Low capital to open stores – To keep the initial capital cost of our butcher shops low, we primarily use recycled, reused and reclaimed materials.  All large animal carcass break-down, as well as other pre-processes (like charcuterie production) are completed in a centralized commissary rather than in the Company’s shops.  Therefore there is no need for store-based band saws, large smokers, expensive exhaust hoods, fire evacuation systems and other high cost capital expenses associated with food stores. We have opened our butcher shops at an average capital cost of less than $85,000 each. The individual Butcher shops carve sub-primals, dry age, make sausage and grinds and prepare many value added products such as sausage, meat loaf and specialty grinds.
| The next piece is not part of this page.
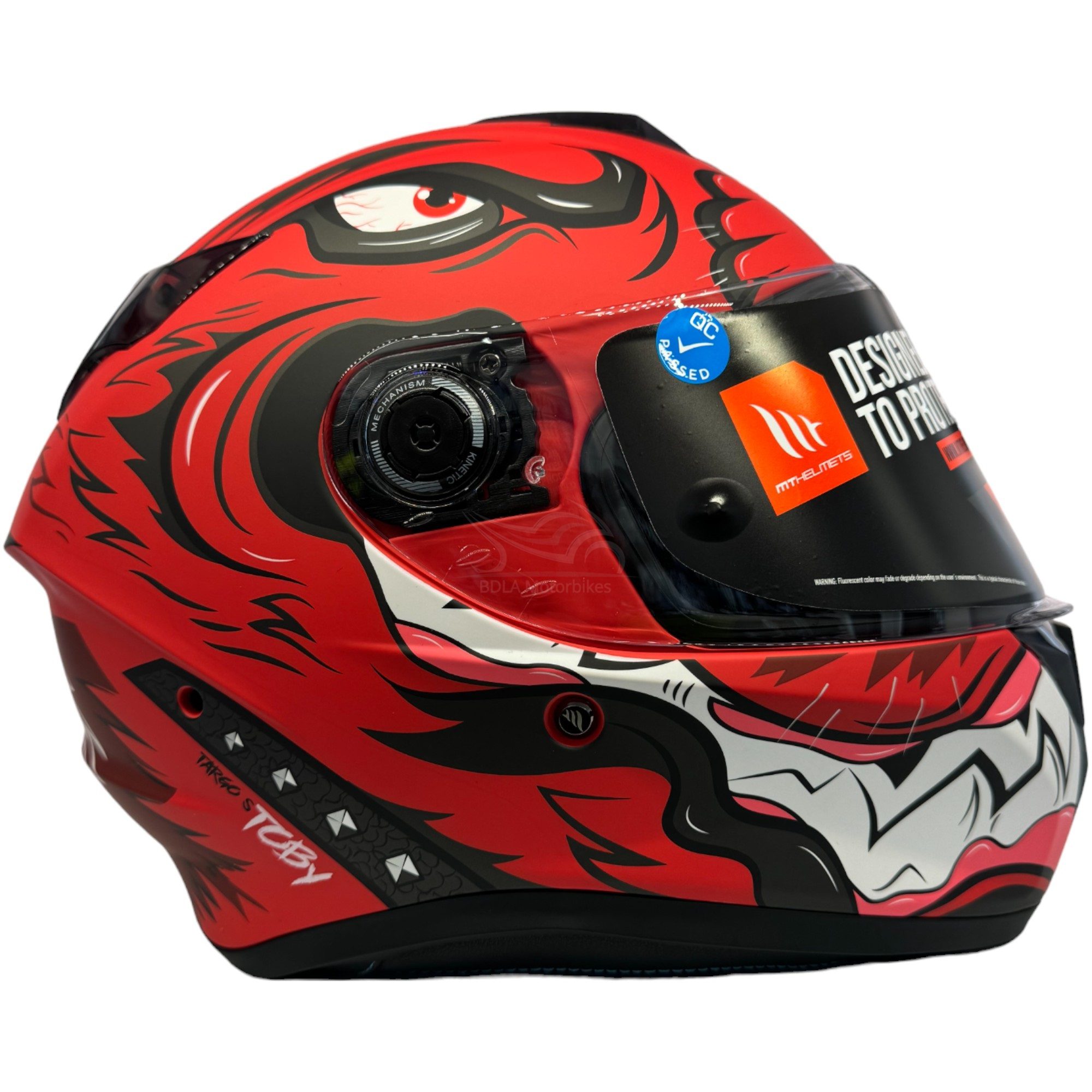 The MT Targo S Toby full face motorcycle helmet offers ultimate value, and is the perfect helmet for everyday riders and commuters. Full to the brim with features, including a Pinlock ready visor alongside a multiple density EPS liner. The modern shell has a superb finish, and will continue to give long after the first time you put it on! Available in a range of colours and graphics to suit any riders gear and personal taste.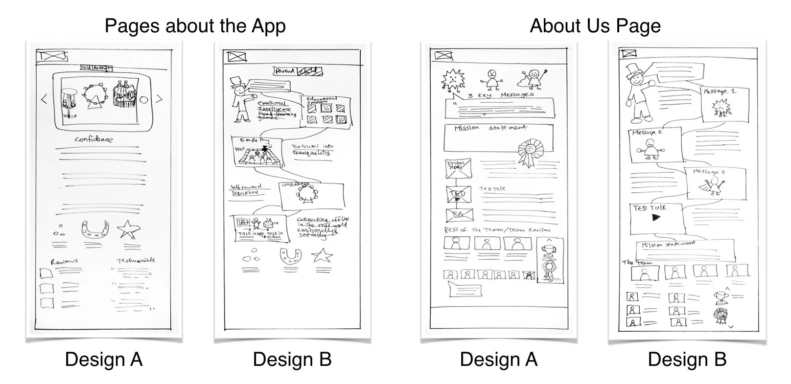 From the A/B testing we learnt that users found that the more formal designs for the main page and ‘about us’ pages were more appropriate, as those are the pages which they expected to be more authoritative, whereby they were expecting key information on the app and people behind it, such as child psychologists and educational experts

Standardization – Our butcher shops have a sophisticated inventory management system that is used by other large retailers.  By implementing a state-of-the-art inventory tracking system we are able to track products efficiently from the farms to the commissary and into each store. This system allows for accurate tracking of margins, waste, yield, and other factors related to costs from the highest levels of buying and planning, down to the individual cuts of meat at store level. Each of our butcher shops, commissary and our headquarters office have current inventory information available online.

Low labor cost to operate stores – The strategy is to keep the Butcher and the sales clerk, who is called a “Tenderizer”, focused on selling the product and educating and entertaining the customer, rather than on less productive or labor-intensive tasks. This is the primary beneficial outcome of the central commissary.  Store hours are 12:00 noon to 7:00 PM daily.  The current stores operate full-time with an average of 2.5 employees per store.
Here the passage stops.